• [Stored dataset items]
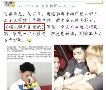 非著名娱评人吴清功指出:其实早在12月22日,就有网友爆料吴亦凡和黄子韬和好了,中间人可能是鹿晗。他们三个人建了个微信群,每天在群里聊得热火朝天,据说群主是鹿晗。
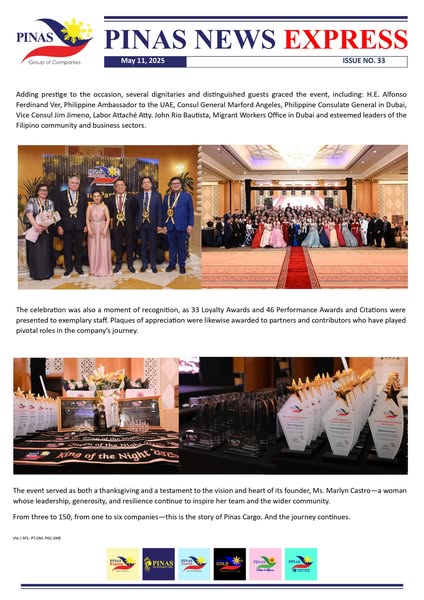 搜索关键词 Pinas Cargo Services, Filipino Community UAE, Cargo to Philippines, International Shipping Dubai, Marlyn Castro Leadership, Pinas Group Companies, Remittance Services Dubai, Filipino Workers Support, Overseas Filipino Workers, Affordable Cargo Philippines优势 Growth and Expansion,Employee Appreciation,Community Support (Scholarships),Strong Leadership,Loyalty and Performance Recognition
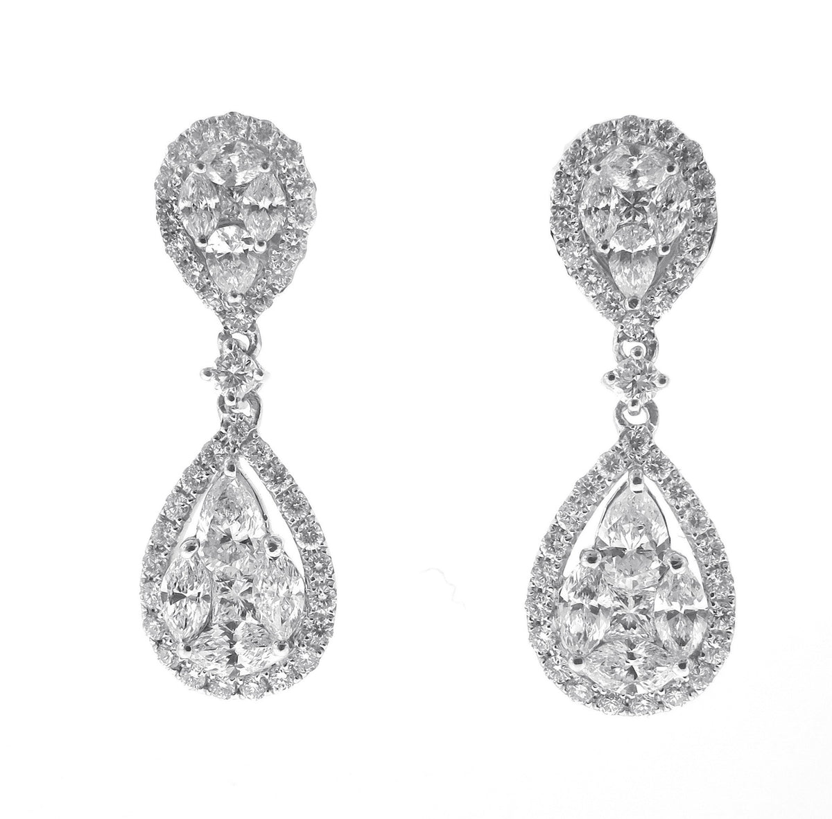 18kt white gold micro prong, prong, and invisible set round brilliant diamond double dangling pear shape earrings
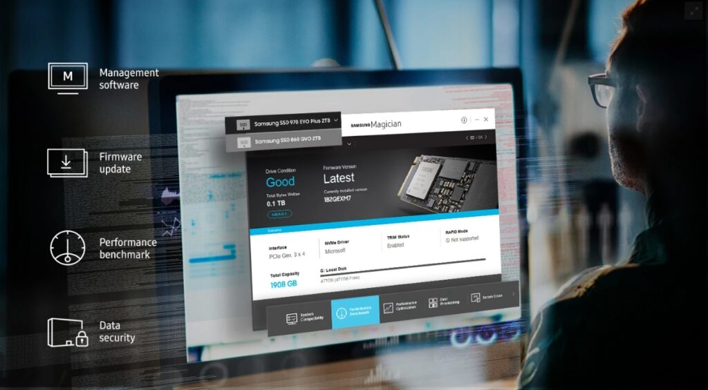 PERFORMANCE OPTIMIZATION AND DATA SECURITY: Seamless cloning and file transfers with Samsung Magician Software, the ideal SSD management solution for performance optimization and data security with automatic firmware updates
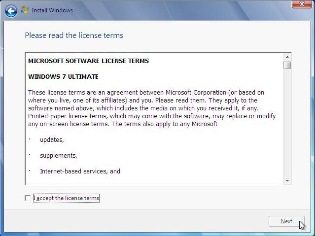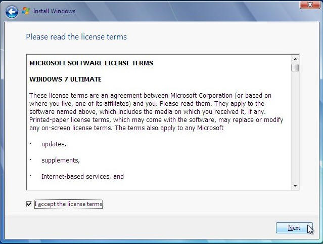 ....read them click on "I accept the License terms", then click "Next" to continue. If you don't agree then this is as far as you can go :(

• [EXERCISE GOAL] Using the entries above, reproduce word for word only the lines from the one that contains "搜索关键词 Pinas Cargo" to the one that contains "PERFORMANCE OPTIMIZATION AND DATA SECURITY: Seamless", both ends included, and drop every picture.

• [WRITTEN RESPONSE]
 搜索关键词 Pinas Cargo Services, Filipino Community UAE, Cargo to Philippines, International Shipping Dubai, Marlyn Castro Leadership, Pinas Group Companies, Remittance Services Dubai, Filipino Workers Support, Overseas Filipino Workers, Affordable Cargo Philippines优势 Growth and Expansion,Employee Appreciation,Community Support (Scholarships),Strong Leadership,Loyalty and Performance Recognition
 18kt white gold micro prong, prong, and invisible set round brilliant diamond double dangling pear shape earrings
 PERFORMANCE OPTIMIZATION AND DATA SECURITY: Seamless cloning and file transfers with Samsung Magician Software, the ideal SSD management solution for performance optimization and data security with automatic firmware updates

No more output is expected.